Install an Outdoor Faucet

If you’re tired of hauling long hoses, it’s not difficult to add a new outdoor faucet with up-to-date frost-proof and anti-siphoning features. Or simply upgrade an old faucet. We walk you through the plumbing basics.

By the DIY experts of The Family Handyman Magazine: June 2007

Overview: Pipes, costs and savings

If you have to stretch out a 50-ft. hose every time you water plants or wash the car, a new outdoor faucet in the right spot could make your summer chores a lot more convenient. To install one, all it takes is a few hours of your time and a little know-how.

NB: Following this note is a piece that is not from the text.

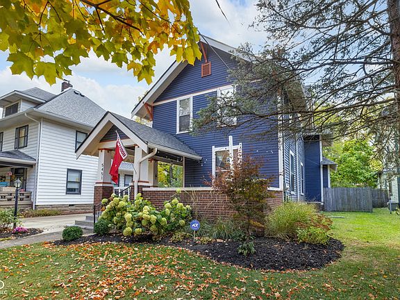 Historic Irvington at its finest! Formerly the home of Marty Powell (now the namesake of the IRV Halloween costume parade!) this home has been lovingly updated while restoring as much of the original character as possible. Walk up the front steps to a spacious porch - perfect for greeting your neighbors. Inside you'll enter into a foyer and notice the 10ft ceilings throughout the main. Parquet hardwood floors throughout the living room and dining room, massive original windows and a newly installed gas fireplace. Large double doors off of the dining room connect indoor/outdoor living and entertaining as well as a fully updated kitchen with stainless appliances, quartz countertops, tile backsplash and new cabinets. Further back, you'll find a flex space (great for dogs, coffee bar, additional seating, a half bath and laundry room. Upstairs, you'll find hardwoods throughout and 4 bedrooms - one which was originally a sleepin' porch! Hall bath has a large closet and primary bedroom features a spacious en-sute with standing tiled shower, clawfoot tub and walk-in closet. Fully fenced back yard (chickens do not convey) and IHPC-approved garage plans can be provided with sale. Approved build is for a 22'x26' 2-story garage, but standard 2-car would also be approved. Notable Updates: HVAC (2019), Interior Plumbing (2019), Roof & Decking (2019), Electrical & Updated Panel (2019), Deck/Fence (2019), Full Kitchen & Primary Bath (2019), Gas Fireplace (2023), Recessed Lighting in Main Areas (2023).

This article will provide that know-how, showing you how to drill a hole in an exterior wall, mount the new faucet and connect it to an existing water line inside your home. If you have some plumbing experience, it's an easy project. If you're a plumbing novice, don't let that stop you. Our Web site covers the basics, which aren't included in this article. The steps we show apply to a house with a basement or crawl space. If your home is built on a concrete slab, the process is different. We show copper pipe here, but the job is almost identical if you have plastic pipe. Connecting new pipe to old galvanized steel pipe requires extra steps that we won't cover here, though the rest of the project is similar. For help working with plastic or galvanized pipe, type those words into the search box above.

Everything you need is available at home centers and hardware stores. You'll need basic plumbing tools and a drill (a hammer drill if you have a brick exterior). If you use copper pipe and a brass ball valve, this project will cost about $50. If you use plastic (CPVC), you'll spend $30 or less. A professional plumber would charge at least $120 to complete the simple installation shown here. Before you start work, call your local inspections department and ask if you need a permit for this project.

Outdoor faucet pipes and connections

Outdoor Faucet Materials and Connections

A frost-proof faucet has the actual shutoff back inside the house where it won't freeze and cause pipes to burst.

Step 1: Find a convenient faucet location

To install an outdoor faucet, you need to cut an existing water line, install a “tee” and run a new branch of pipe to the new faucet (lead photo). In a home with an unfinished basement or crawl space, the exposed plumbing and open joists make this a straightforward plumbing project that takes less than a day. If your home is built on a concrete slab or you have a finished basement, you’ll probably have to cut into walls or ceilings. This is a bigger, more difficult job and the repair work can add a day or two to the project.

If you have easy access to several water lines, choose the one that offers the most convenient path for the new branch, usually the line closest to the new faucet. You can tee into a 1/2-in. pipe, but a larger (3/4-in.) line will deliver higher pressure to the new faucet (and some codes require 3/4-in. pipe). If you have a water softener, it's preferable to tee into your water supply before it reaches the softener; this avoids wasted salt and an unnecessary load on the softener. Be sure to choose a cold water line! Either trace the pipe back to the water meter or water heater to make sure. Or turn on a faucet to run water through the pipe—if the pipe feels warm, choose a different pipe.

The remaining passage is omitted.